There are different elasticities of demand in each market.

The consumers in the market with the most inelastic demand always face a higher price.

We locate the marginal cost in the usual way, from the monopoly diagram. We then apply that MC to both the separate markets. Because each separate market has a different demand curve and elasticity, they have different marginal revenue curves. Putting this another way, once we know the actual MC figure, we can trace it across

to both markets, see the intersection with the MR curve in each, and set the price in each. This will be different in each market because the elasticities are different.

We determine the overall MC=MR position on the left hand side of the diagram below. Then once we have the MC point established, we read this MC across to where it cuts the individual MR curves in the first two diagrams. That point determines the price in each market, reading up off the demand curve in those separate markets.
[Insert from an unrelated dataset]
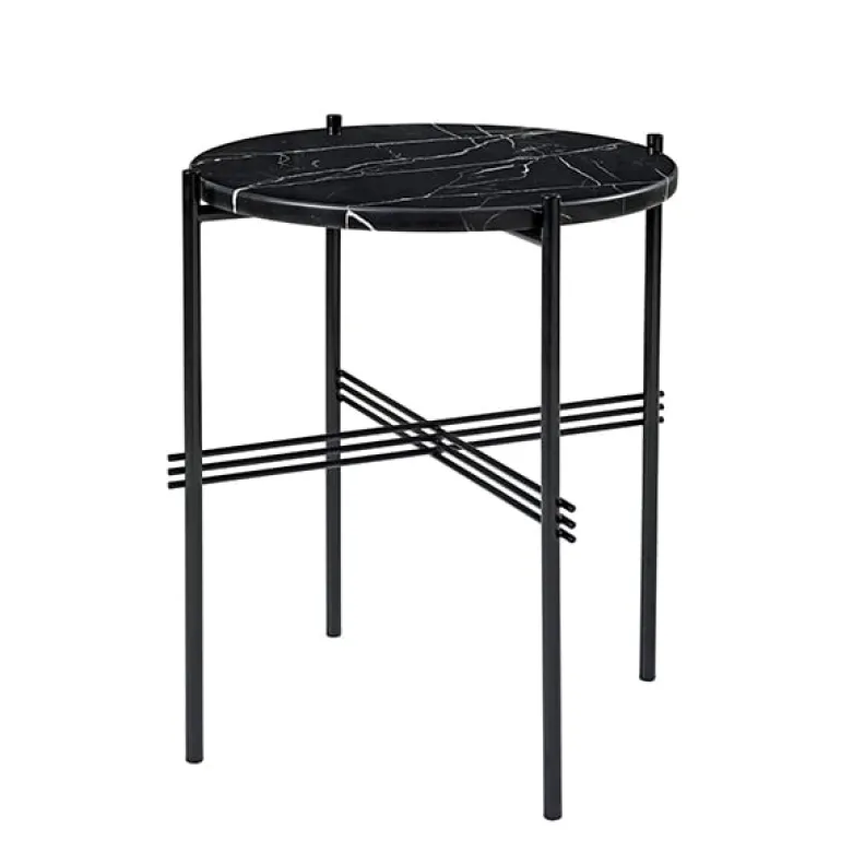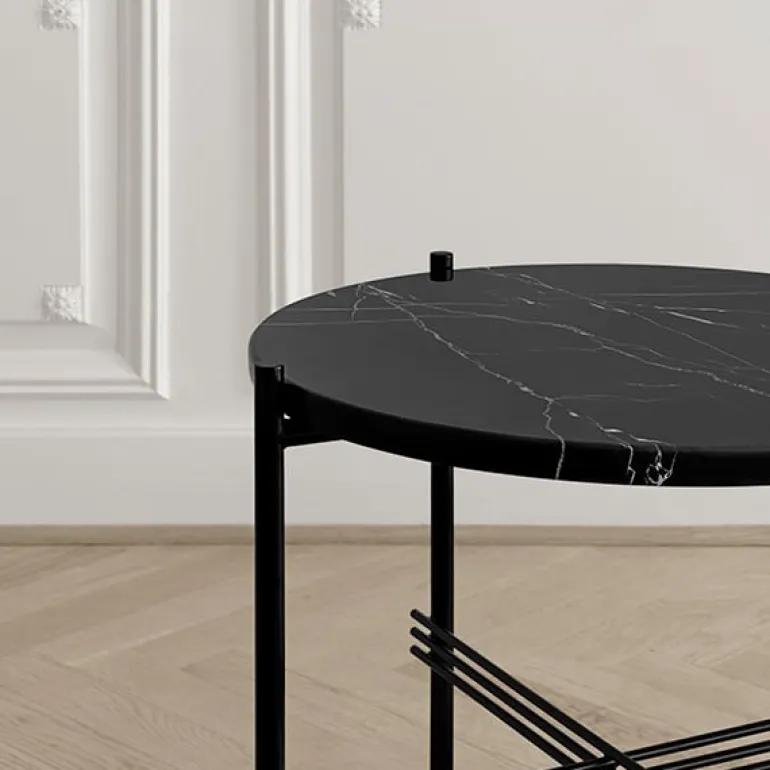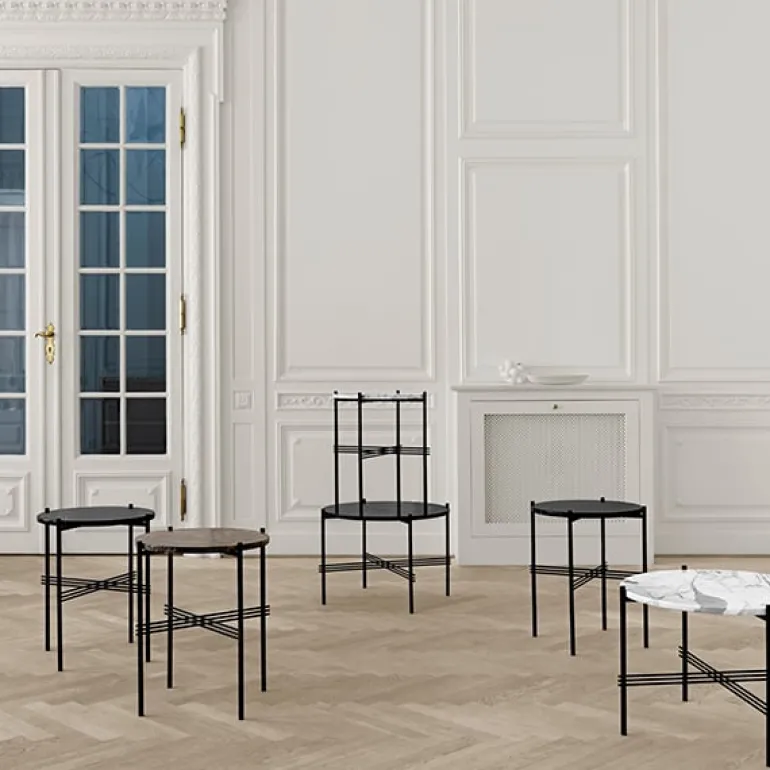 TS från Gubi är en kollektion eleganta soffbord, som designats av den dansk-italienska formgivarduon GamFratesi för att ingå i inredningen i entrén och sällskapsrummen på Michelin-restaurangen The Standard i Köpenhamn. Formgivarna fick inspiration till den vackra designen från den byggnad som på 1930-talet inhyste restaurangen: en rund bordsskiva i marmor vilar på smala metallben som korsas av iögonfallande stänger. Placera ett stort TS-bord framför en soffa och en mindre version bredvid en fåtölj, eller prova dig fram genom att blanda olika färger och storlekar för att skapa en varierad grupp med bord.

The market with the relatively inelastic demand always has the higher price. This is expected as the greater the inelasticity, the more people want to buy it and are prepared to pay that much more for it.

This situation of different elasticities is typical of foreign markets and home markets. In the world in which we live, for most goods and services the demand in the global market is more elastic than in each domestic market. This is because competition is greater at the global level - the whole world competes! Therefore, firms that export often charge more in the home market (where the elasticity of demand is lower) than abroad.

Any multiple choice question or data response question about different prices in different markets will be about the first, second or third degree discrimination possibilities. You just have to think about it and decide which one it is, unless the question makes it clear upfront.